1. What’s your peak throughput?
Kafka is I/O-bound. A single broker on decent hardware (8 cores, NVMe, 10 GbE) can handle 200–400 MB/s sustained write throughput. Replication multiplies that — a replication factor of 3 means 3x the I/O at the broker holding the leader.

2. What’s your retention window?
Kafka stores data on disk. retention.ms × peak write rate = your minimum disk requirement. Add 30% headroom. Don’t forget that log compaction topics retain data differently — they don’t expire by time, they retain only the latest value per key.

3. How many partitions do you need?
Partitions are the unit of parallelism.

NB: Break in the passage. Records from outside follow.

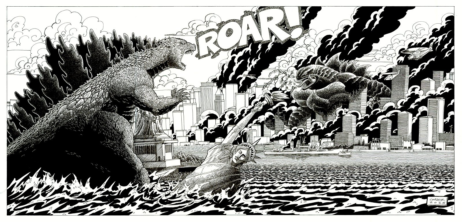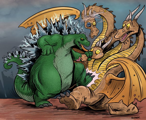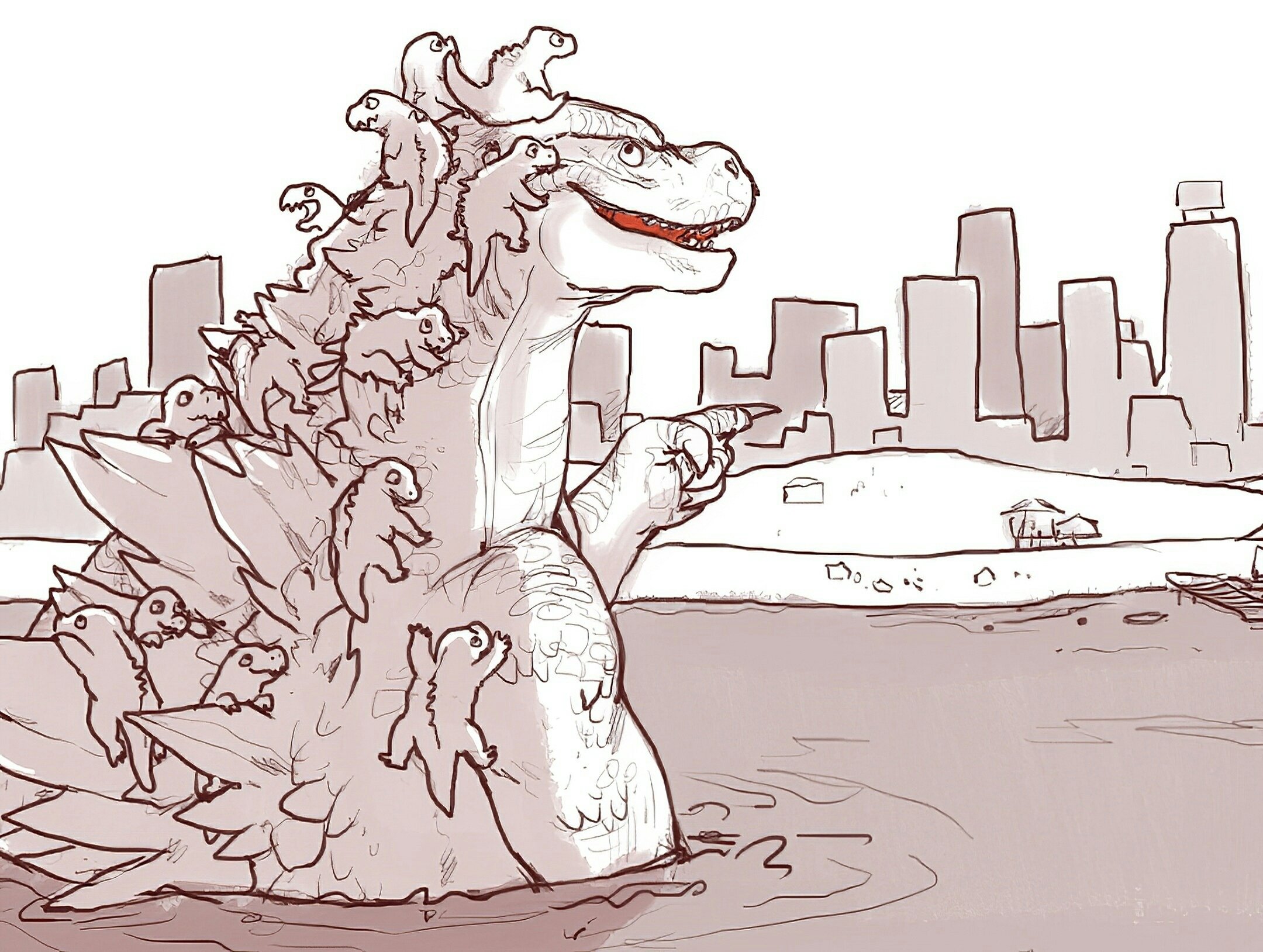 Годзилла карикатура - это увлекательный и оригинальный способ рассмешить и развлечь любителей монстров и японской культуры. В этой яркой и забавной карикатуре известный во всем мире гигантский ящер снова становится центром внимания, но уже в комическом исполнении. Отличительные черты Годзиллы сохранены: огромный размер, мощная фигура и характерное дыхание огнем. Однако, в новом образе Годзилла приобретает неожиданный шарм и смешной вид, что делает его еще более привлекательным для поклонников. Карикатура на Годзиллу - это отличный способ поднять настроение и добавить юмора в повседневную жизнь.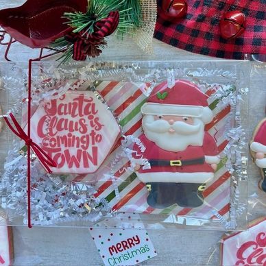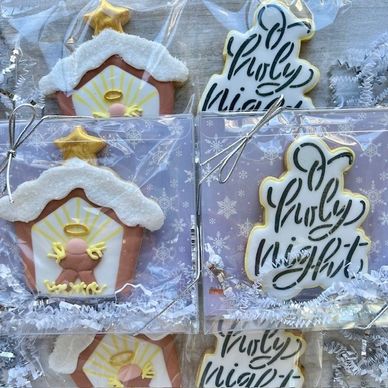Painting cookies is incredibly easy and loads of fun. It is no different than coloring in a book. The iced sugar cookie comes with a palette of four paint colors (i.e., food coloring), a brush, and instructions. The finished product is almost too pretty to eat, (almost). A perfect addition to a stocking or an activity to enjoy on Christmas Eve with family.. Ingredients listed on the back of the bag. Limited quantities available. $4.00/each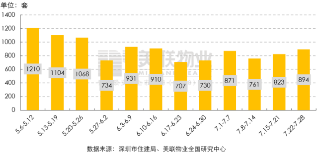 7月22日—7月28日一周內(nèi),全市共簽約成交一手住宅894套/8.5萬(wàn)㎡,環(huán)比分別增長(zhǎng)8.6%和8.0%。從周成交套數(shù)來(lái)看,連續(xù)兩周環(huán)比增長(zhǎng),達(dá)到6周以來(lái)的最高值。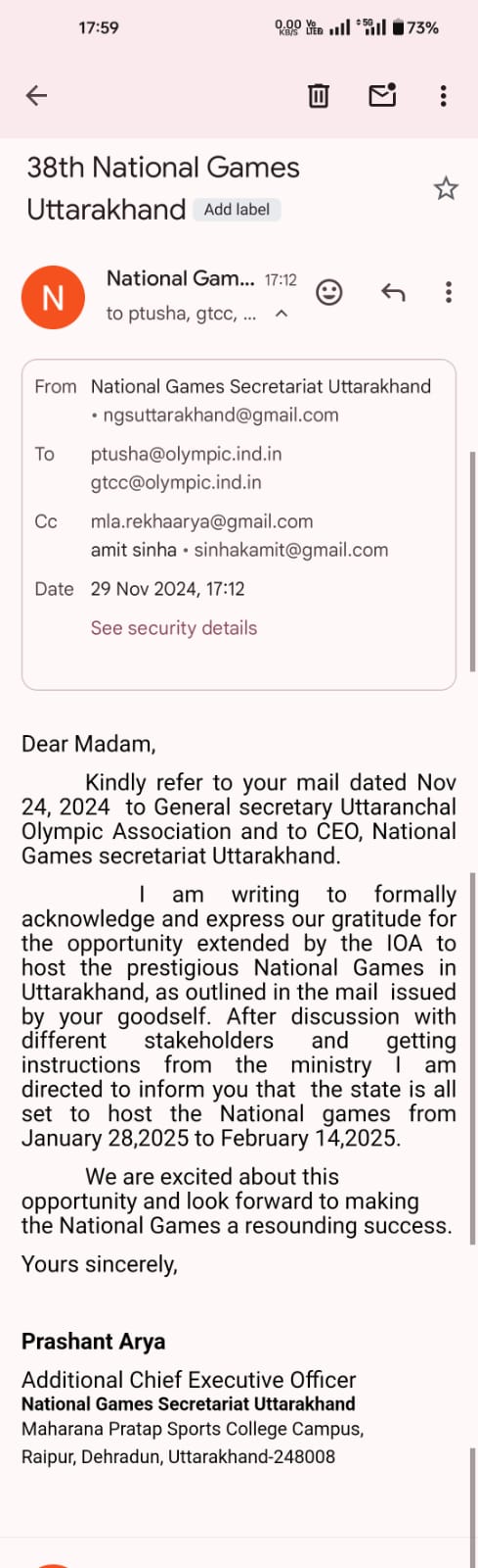 खेल मंत्री रेखा आर्या के निर्देशों के बाद, ACEO राष्ट्रीय खेल सचिवालय/ निदेशक खेल ने किया भारतीय ओलंपिक संघ को सूचित- प्रदेश 28 जनवरी 2025 से 14 फरवरी 2025 के बीच राष्ट्रीय खेल करवाने के लिए तैयार।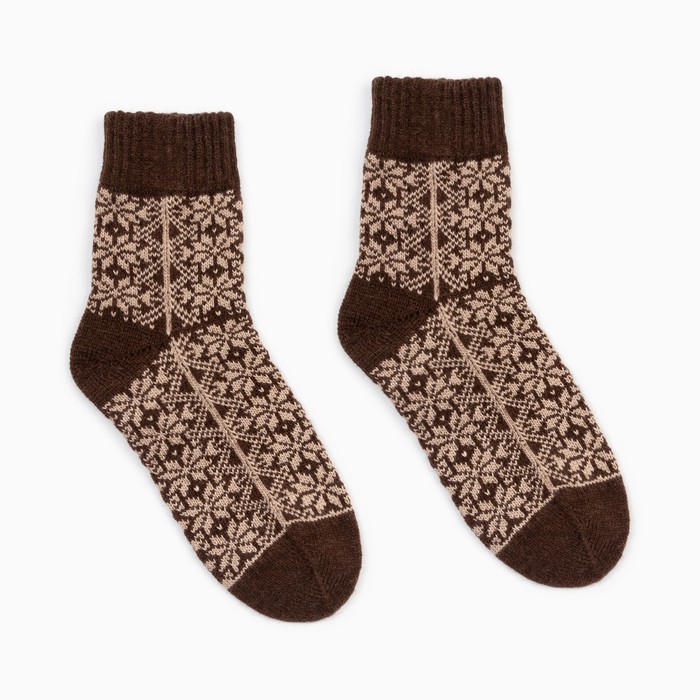 Заказать Носки шерстяные женские Снежинки жаккард коричневый 23-25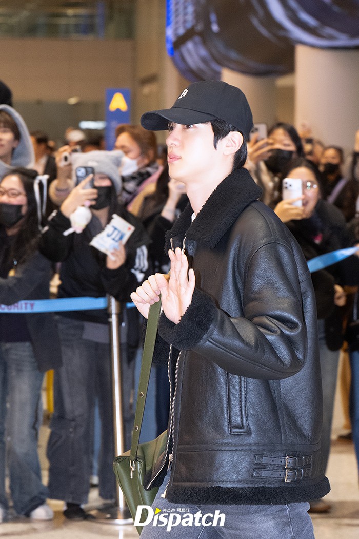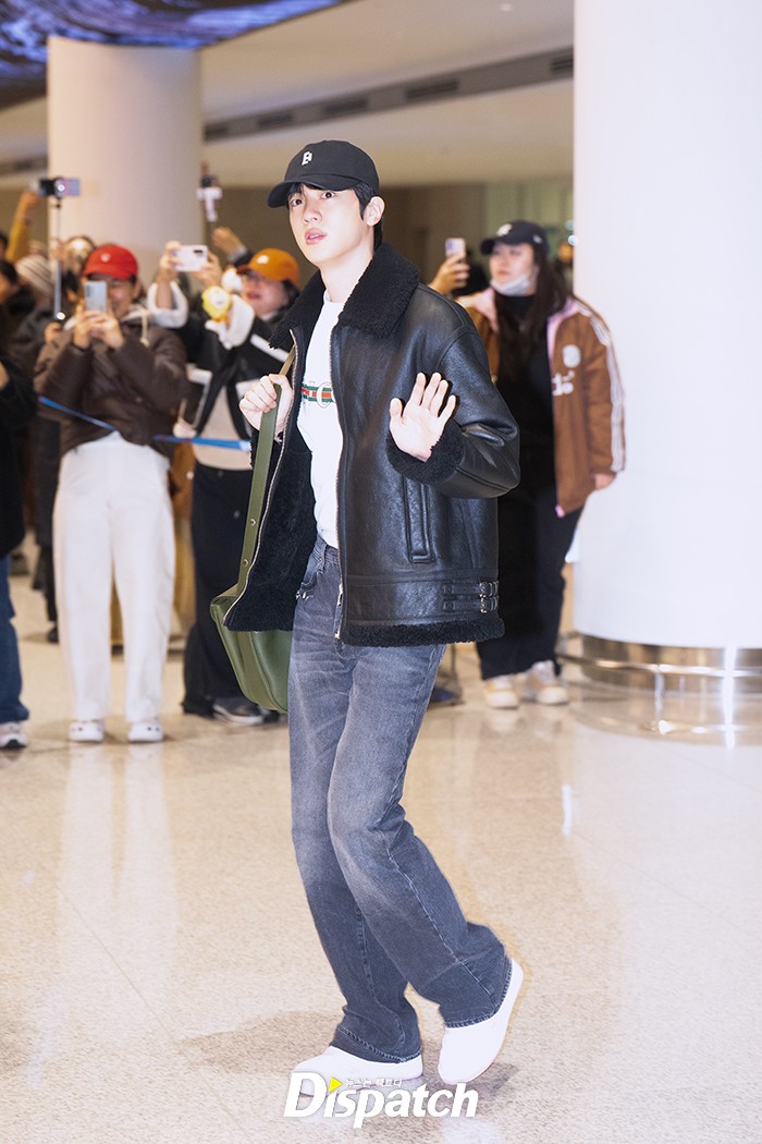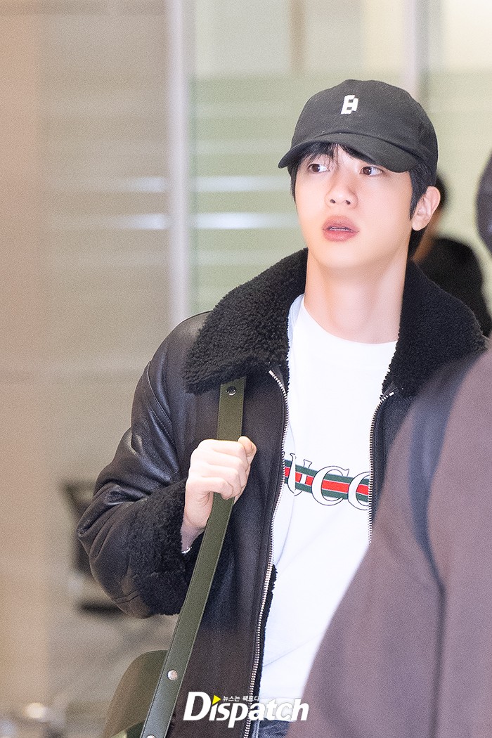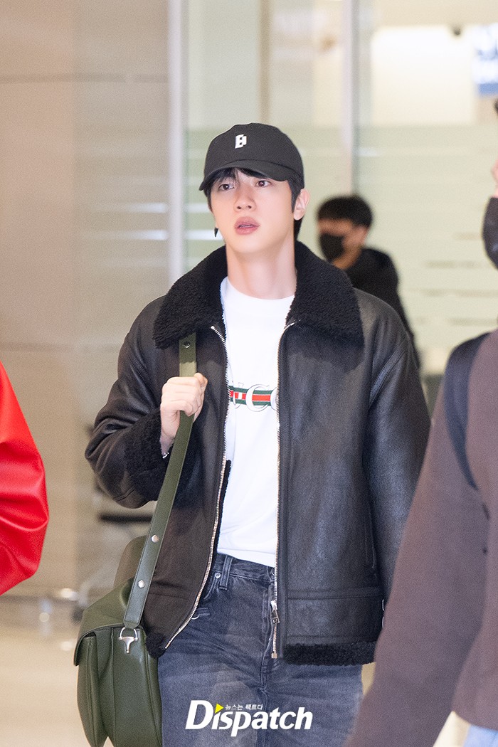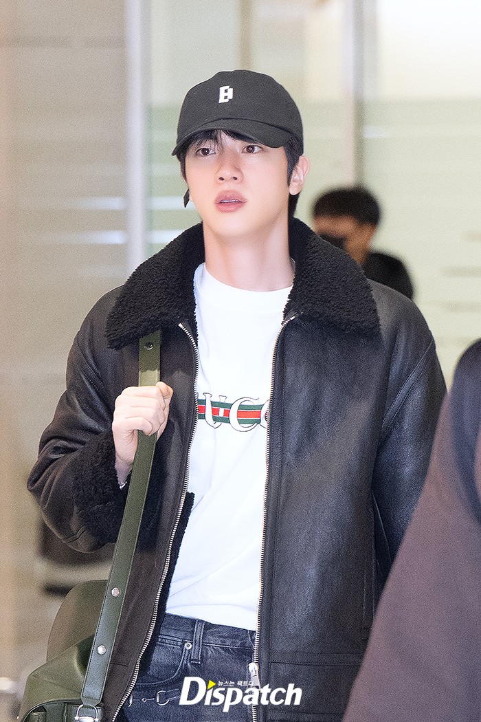 진은 데님 팬츠에 블랙 재킷으로 시크한 공항패션을 연출했다. 훈훈한 비주얼이 돋보였다.

More consumer instances → more partitions needed. Rule of thumb: max(desired_consumer_parallelism, producer_concurrency). Don’t over-partition — each partition consumes memory on every broker (roughly 1 MB per partition per broker for index files). A cluster with 10,000 partitions is manageable. 500,000 is not unless you’ve done your homework.

Sizing Templates

Cluster Size Workload Nodes vCPU/node RAM/node Disk/node
Small < 50 MB/s, dev/staging 3 combined 4 8 GB 500 GB NVMe
Medium 50–200 MB/s, prod 3 brokers + 3 controllers 8 16 GB 2 TB NVMe
Large 200 MB/s+, high-throughput 6+ brokers + 3 controllers 16 32 GB 4 TB NVMe RAID

For the medium and large tiers, use dedicated controller nodes. They’re lightweight — a controller quorum handles only metadata, not data path traffic. A 4 vCPU / 8 GB controller node is sufficient.

JVM heap sizing: Set -Xms and -Xmx equal to prevent heap resizing. For brokers, 6 GB heap is a reasonable starting point. Don’t go above 8–10 GB — large heaps cause long GC pauses. Kafka relies heavily on the OS page cache, so leave the rest of RAM for the OS to cache disk I/O.


Setting Up KRaft: Docker Compose That Actually Works

Let’s build a 3-node combined KRaft cluster with Docker Compose. Each node acts as both broker and controller — suitable for staging or smaller production workloads.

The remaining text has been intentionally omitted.